Да, планы воистину наполеоновские, только вот здоровья не хватает… Самое неприятное, что отказывается работать правая рука – следствие давнего перелома. Очевидно, вновь надорвал связки, рубя дрова. Что будет в дальнейшем, сможет ли он держать в руке кисть?.. На несколько месяцев поэта выводит из строя жестокий полиартрит. Да и мать уже совсем плоха, требует к себе повышенного внимания. А характер её к старости отнюдь не смягчился. Показательна запись А. М. Петровой от 3 августа 1921 года: «Ужасно болит душа за него: его мама – его крест. Её тоже жаль, но… сопоставление никак не в её пользу. Она это чувствует и чем дальше, тем всё более ревнует к нему всех любящих его лично, а также всех, ценящих его как поэта и мыслителя… Его жизнь с нею – сплошная пытка. В ней – ни капли тёплого материнства, а одна издёвка над ним. Хорошо, что он верующий и понимает это, как „испытание“ ему; он всюду и всегда умеет смотреть на свои неудачи философски – спокойно и не теряя чувства объективности… Но мать доводит его, после долгого терпения, борьбы с собою, до взрывов полного отчаяния и истерики».

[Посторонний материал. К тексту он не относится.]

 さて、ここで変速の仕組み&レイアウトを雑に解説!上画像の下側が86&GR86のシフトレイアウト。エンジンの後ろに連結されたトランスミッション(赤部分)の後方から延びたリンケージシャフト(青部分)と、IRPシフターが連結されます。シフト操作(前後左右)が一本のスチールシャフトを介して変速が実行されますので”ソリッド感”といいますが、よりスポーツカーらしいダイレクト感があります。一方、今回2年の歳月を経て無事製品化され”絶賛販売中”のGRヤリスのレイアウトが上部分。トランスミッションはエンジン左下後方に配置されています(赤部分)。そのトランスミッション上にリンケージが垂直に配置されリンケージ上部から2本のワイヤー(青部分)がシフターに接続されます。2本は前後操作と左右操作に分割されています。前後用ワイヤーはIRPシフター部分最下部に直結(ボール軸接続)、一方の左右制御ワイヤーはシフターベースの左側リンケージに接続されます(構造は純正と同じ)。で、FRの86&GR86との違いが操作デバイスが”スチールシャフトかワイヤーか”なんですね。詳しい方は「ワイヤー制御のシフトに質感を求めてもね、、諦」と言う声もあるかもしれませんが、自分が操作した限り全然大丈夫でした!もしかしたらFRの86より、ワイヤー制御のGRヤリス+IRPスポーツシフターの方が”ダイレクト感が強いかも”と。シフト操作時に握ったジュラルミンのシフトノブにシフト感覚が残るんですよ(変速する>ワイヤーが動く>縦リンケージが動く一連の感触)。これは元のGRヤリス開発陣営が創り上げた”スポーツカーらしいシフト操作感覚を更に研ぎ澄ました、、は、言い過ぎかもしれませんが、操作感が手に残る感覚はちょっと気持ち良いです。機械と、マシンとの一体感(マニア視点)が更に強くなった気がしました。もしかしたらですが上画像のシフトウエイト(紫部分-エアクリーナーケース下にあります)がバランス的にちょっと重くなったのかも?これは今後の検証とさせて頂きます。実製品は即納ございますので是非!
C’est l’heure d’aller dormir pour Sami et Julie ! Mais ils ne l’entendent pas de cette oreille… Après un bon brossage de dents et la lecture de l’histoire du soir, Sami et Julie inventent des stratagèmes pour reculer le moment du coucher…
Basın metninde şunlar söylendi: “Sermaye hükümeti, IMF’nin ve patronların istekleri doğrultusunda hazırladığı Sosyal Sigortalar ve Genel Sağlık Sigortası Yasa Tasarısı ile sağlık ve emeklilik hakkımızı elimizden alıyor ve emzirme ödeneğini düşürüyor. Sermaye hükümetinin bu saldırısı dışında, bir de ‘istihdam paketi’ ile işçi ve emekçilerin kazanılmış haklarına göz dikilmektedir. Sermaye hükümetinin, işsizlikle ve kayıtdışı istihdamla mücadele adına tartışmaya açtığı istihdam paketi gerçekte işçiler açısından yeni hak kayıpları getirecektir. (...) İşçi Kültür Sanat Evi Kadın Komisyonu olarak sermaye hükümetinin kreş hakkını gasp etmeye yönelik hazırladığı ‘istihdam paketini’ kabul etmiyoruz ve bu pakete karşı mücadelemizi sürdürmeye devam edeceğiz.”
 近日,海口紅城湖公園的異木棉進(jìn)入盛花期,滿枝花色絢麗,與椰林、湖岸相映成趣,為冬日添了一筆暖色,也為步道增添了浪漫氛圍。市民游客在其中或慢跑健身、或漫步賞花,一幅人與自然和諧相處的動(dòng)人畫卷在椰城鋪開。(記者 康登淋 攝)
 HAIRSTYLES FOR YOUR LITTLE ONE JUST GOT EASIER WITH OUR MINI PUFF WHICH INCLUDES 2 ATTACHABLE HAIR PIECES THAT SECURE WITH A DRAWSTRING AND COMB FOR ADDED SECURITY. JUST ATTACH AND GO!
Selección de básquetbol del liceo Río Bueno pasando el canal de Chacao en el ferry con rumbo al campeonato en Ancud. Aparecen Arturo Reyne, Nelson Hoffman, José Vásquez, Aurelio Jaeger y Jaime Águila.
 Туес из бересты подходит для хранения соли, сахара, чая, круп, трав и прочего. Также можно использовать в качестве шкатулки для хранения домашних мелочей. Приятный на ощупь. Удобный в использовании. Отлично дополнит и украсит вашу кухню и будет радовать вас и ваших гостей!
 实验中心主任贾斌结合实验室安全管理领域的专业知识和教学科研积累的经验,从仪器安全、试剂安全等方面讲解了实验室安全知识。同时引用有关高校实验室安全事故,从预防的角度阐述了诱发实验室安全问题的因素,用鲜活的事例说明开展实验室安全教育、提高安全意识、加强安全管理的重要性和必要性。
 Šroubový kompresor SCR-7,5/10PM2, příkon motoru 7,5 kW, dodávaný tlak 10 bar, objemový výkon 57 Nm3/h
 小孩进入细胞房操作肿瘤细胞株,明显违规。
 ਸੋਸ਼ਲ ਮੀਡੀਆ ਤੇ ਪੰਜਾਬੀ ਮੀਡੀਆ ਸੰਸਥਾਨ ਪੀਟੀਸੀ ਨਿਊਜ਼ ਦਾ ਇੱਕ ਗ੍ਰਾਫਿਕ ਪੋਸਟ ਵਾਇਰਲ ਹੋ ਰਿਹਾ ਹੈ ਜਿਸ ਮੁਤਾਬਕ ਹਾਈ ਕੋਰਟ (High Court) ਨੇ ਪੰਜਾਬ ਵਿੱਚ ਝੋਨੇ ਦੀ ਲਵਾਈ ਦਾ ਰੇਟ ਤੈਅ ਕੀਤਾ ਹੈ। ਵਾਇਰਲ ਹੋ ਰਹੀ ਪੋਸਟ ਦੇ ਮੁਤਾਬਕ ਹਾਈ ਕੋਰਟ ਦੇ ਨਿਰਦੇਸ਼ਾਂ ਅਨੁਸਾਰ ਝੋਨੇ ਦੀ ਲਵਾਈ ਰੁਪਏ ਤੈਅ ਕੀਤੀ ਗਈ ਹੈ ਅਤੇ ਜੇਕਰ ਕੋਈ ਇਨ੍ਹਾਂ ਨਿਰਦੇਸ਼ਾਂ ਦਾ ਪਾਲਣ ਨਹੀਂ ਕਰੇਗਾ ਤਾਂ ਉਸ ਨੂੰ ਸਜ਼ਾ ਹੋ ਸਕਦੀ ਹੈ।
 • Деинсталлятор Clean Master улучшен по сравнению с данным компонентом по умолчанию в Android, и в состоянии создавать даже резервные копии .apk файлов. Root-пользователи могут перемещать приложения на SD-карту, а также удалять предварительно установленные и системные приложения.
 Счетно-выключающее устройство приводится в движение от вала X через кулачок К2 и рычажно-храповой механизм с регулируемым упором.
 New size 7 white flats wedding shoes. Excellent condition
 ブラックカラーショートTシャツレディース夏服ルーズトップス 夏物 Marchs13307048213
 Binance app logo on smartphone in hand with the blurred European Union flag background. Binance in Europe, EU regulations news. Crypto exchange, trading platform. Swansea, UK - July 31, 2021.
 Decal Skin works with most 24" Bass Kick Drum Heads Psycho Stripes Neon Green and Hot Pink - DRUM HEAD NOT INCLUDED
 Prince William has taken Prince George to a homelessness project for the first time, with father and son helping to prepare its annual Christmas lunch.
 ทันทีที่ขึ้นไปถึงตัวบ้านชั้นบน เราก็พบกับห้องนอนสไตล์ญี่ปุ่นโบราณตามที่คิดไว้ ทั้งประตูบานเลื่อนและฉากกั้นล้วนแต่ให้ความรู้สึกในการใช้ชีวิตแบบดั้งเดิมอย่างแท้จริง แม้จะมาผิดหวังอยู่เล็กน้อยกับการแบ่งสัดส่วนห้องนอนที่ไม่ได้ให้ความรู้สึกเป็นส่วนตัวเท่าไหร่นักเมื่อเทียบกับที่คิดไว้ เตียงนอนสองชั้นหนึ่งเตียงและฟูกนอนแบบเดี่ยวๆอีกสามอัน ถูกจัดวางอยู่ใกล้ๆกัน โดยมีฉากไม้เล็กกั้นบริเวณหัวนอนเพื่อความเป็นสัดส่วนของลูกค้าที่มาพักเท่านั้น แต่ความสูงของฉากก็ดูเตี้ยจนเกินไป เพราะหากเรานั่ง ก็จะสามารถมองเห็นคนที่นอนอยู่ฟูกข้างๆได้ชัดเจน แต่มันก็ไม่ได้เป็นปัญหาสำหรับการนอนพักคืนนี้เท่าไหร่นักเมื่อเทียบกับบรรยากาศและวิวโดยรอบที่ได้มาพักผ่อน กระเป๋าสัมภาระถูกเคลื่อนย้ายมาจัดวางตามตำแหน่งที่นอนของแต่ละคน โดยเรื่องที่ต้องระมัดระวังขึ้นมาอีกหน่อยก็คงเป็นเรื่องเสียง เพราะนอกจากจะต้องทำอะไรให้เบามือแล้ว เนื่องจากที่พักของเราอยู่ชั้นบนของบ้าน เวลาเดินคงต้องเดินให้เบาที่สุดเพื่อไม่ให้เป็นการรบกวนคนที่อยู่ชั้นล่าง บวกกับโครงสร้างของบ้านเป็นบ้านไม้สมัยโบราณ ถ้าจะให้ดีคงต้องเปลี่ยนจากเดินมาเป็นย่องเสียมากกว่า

Макс испытывает невыносимые боли в ноге и спине. И как хорошо, что есть люди, по-настоящему ему близкие, оказывающие помощь ему – всегда и всем помогавшему, а ныне в ней нуждающемуся. Приходит художница и актриса Валентина Успенская («Валетка»), делает поэту массаж ноги и горячие ванны с шалфеем, помогает добрая и словоохотливая Ольга Юнге, даже Пра вносит свой вклад – варит сыну манную кашу. Бывают Вересаев, Кедровы, Новицкий, развлекают больного рассказами о том, что делается в мире и близлежащих окрестностях. Таким образом, Макс узнаёт о себе много нового, весьма интересного. В посёлке одни поговаривали о том, что Волошина как сочувствовавшего белым собирается арестовать ЧК. Да нет, что вы, возражали другие, Волошин – сам видный чекист, во всяком случае, он напрямую сотрудничает с органами: «Он кого угодно может спасти от расстрела – только очень дорого берёт за это». А что: «Вот, братьев Юнге арестовали – так он их через несколько дней освободил. Только они раньше богатые были, а теперь нищие. Догадываетесь, куда денежки перетекли?!» Всё это ерунда, уверяли третьи, Волошин – местный мироед, человек беспринципный – и нашим, и вашим, вот немного подождём, пока большевики окончательно утвердятся (другой вариант: большевиков скинут) и расправимся с ним «в первую голову».